Key Takeaways for Investors

  • Ongoing margin tailwinds: Deposit cost reductions and asset mix shifts continue to expand NIM; management sees potential for further NIM gains in 2025 on a normalized curve .
  • Earnings quality improving: Adjusted efficiency ratio ~51% (ex non-recurring) underscores positive operating leverage, despite one-off Q4 expenses .
  • Capital return catalyst: Dividend doubled to $0.10 signals confidence in forward earnings and supports a shareholder-friendly narrative .
  • Credit benign: NPLs remain low (0.14% of loans), net losses zero, ACL at 1.22%; reserve likely to scale with growth rather than deteriorating credit .
  • Fee diversification: While swap fees may normalize, wires/TM/SBA gains targeted to offset; SBA 7(a) activity planned to more than double, bolstering fee line .

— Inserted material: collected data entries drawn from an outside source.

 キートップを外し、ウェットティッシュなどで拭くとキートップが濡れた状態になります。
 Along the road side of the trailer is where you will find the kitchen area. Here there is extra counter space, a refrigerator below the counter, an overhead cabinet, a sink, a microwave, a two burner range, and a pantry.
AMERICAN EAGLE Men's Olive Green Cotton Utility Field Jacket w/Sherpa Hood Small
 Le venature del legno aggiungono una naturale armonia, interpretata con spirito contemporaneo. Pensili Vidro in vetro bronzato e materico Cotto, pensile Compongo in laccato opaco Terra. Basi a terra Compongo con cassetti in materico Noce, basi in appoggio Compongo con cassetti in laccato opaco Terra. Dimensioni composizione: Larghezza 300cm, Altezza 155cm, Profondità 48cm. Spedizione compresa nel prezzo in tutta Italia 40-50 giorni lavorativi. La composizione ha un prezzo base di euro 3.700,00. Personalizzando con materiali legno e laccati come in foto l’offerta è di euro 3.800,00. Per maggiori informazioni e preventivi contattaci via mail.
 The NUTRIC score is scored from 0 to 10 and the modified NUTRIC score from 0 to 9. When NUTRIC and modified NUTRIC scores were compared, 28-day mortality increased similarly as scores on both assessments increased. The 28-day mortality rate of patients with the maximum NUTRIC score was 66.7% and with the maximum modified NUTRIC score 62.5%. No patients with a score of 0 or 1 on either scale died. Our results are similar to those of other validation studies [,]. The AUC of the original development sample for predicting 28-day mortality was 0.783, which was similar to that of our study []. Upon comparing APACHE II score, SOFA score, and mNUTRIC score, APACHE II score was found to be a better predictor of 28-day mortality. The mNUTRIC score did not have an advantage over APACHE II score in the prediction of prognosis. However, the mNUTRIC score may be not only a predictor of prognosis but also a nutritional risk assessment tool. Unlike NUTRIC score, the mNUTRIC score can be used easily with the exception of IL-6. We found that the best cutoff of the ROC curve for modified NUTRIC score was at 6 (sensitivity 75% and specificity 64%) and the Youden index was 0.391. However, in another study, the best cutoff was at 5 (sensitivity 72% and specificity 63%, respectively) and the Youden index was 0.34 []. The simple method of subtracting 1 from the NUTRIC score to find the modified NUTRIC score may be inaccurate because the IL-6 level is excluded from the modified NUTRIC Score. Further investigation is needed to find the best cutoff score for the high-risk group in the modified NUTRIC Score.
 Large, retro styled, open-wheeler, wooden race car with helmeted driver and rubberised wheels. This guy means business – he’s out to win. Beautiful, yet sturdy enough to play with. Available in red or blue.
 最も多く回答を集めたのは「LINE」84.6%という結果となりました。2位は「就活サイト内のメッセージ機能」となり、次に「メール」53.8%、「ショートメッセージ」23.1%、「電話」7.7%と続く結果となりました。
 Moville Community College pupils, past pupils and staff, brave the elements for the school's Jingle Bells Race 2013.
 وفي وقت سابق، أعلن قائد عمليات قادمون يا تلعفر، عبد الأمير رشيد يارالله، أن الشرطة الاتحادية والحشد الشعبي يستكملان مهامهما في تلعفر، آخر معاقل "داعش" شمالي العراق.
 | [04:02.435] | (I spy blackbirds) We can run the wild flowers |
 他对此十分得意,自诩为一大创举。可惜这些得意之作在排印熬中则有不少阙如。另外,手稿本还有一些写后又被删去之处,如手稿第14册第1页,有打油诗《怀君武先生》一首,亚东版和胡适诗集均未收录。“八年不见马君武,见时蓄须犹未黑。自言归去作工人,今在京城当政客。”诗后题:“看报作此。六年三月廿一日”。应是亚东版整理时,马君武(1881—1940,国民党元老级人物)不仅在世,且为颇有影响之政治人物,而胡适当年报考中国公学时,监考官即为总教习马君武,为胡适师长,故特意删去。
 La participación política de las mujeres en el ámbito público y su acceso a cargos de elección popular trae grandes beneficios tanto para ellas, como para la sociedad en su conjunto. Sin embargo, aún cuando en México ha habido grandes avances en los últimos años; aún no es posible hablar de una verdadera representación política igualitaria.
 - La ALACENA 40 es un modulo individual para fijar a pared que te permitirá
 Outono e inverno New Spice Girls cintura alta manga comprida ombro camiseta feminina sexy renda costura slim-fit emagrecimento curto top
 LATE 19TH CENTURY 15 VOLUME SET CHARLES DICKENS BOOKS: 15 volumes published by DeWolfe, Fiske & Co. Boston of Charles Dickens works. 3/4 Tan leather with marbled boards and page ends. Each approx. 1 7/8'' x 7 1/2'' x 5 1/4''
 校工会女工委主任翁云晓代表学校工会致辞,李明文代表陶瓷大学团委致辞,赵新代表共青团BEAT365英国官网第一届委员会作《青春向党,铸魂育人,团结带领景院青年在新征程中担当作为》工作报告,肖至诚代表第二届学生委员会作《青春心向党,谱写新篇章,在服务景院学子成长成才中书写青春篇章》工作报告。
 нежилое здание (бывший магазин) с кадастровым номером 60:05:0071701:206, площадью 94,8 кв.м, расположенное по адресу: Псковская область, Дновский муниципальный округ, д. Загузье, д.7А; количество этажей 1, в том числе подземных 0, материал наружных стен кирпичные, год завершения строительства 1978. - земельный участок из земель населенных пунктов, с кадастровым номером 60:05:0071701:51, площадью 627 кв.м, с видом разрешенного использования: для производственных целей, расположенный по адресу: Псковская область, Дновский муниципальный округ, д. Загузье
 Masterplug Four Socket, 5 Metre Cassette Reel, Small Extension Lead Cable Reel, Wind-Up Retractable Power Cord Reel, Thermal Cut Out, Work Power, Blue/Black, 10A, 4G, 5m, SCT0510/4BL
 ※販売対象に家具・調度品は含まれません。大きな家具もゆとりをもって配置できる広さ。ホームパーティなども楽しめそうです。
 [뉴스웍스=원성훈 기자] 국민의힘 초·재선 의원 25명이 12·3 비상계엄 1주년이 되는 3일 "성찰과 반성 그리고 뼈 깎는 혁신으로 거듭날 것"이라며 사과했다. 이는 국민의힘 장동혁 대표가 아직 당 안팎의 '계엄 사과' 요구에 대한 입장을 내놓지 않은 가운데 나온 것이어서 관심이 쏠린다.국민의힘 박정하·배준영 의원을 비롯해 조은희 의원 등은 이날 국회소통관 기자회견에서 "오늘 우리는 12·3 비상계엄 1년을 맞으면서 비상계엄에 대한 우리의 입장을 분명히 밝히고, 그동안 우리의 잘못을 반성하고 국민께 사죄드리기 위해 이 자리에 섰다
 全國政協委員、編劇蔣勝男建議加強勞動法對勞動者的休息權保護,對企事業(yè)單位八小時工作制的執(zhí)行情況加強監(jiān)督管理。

  • Growth trajectory: High single-digit to low double-digit loan growth targeted; deposits to grow in line, supported by scalable verticals (attorneys, medical, associations, correspondent banking) .
  • Near-term trading: Dividend increase and margin stability are positive catalysts; watch Q1 expense run-rate (~$12M) and any moderation in fee income for impact on quarterly operating leverage .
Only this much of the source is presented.